━━━ Data ━━━
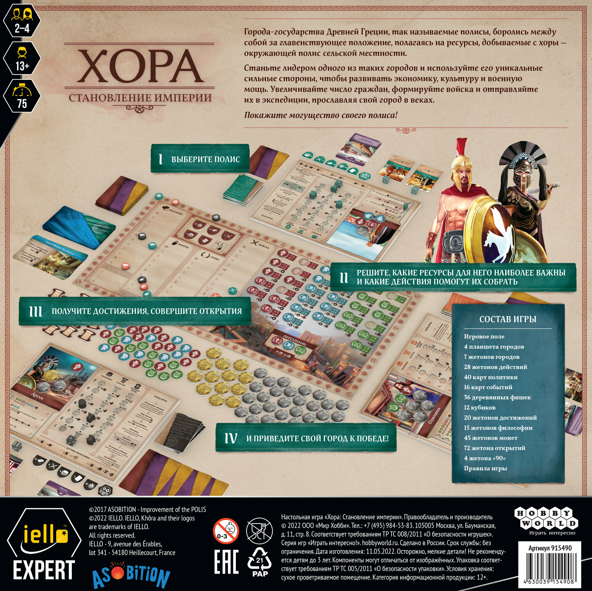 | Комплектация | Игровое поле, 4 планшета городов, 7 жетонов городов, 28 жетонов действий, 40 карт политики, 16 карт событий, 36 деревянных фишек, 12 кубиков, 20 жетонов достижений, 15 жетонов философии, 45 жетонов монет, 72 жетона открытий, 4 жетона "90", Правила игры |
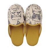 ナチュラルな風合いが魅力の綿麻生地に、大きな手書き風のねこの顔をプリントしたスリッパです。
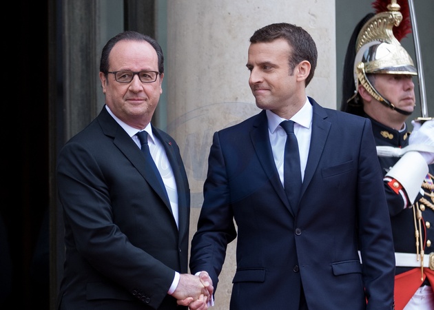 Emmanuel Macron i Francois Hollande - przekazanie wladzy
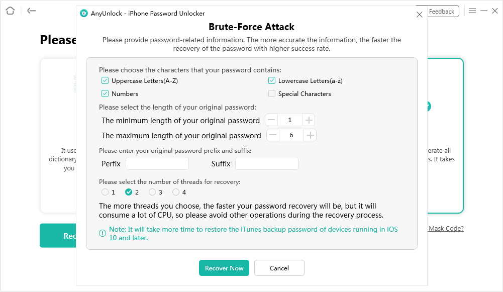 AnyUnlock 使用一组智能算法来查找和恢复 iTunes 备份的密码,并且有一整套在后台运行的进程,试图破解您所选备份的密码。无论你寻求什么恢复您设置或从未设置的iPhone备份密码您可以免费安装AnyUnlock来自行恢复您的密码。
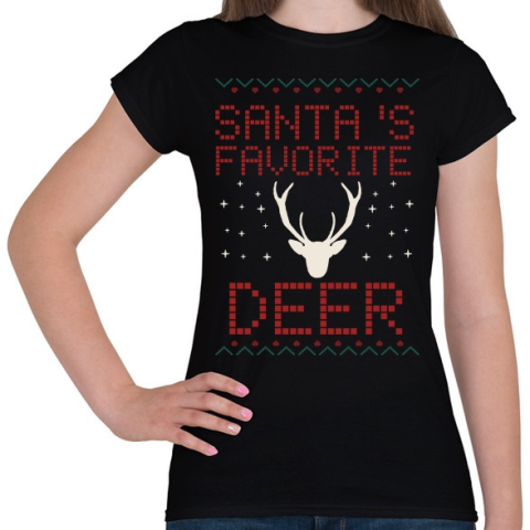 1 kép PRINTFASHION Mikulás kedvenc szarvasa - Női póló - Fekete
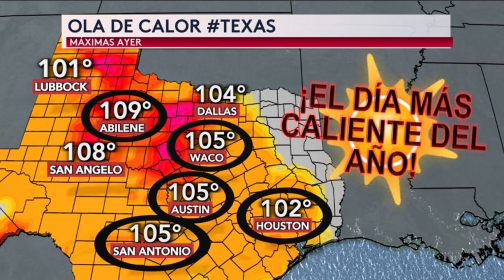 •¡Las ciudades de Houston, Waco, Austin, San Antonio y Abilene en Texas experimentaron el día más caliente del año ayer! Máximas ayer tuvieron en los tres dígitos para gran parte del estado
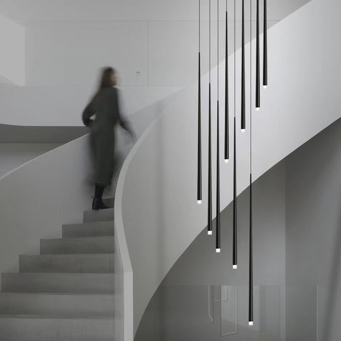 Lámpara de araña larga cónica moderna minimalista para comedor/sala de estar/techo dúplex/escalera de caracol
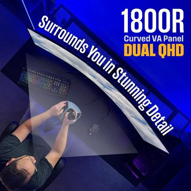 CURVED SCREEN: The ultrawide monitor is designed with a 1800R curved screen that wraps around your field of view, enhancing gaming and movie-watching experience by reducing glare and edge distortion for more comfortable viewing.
━━━
Try it
Give back exactly, and only, the lines from the one holding "Lámpara de araña" through the last line of the entries, with every picture omitted.

Task output
 Lámpara de araña larga cónica moderna minimalista para comedor/sala de estar/techo dúplex/escalera de caracol
 CURVED SCREEN: The ultrawide monitor is designed with a 1800R curved screen that wraps around your field of view, enhancing gaming and movie-watching experience by reducing glare and edge distortion for more comfortable viewing.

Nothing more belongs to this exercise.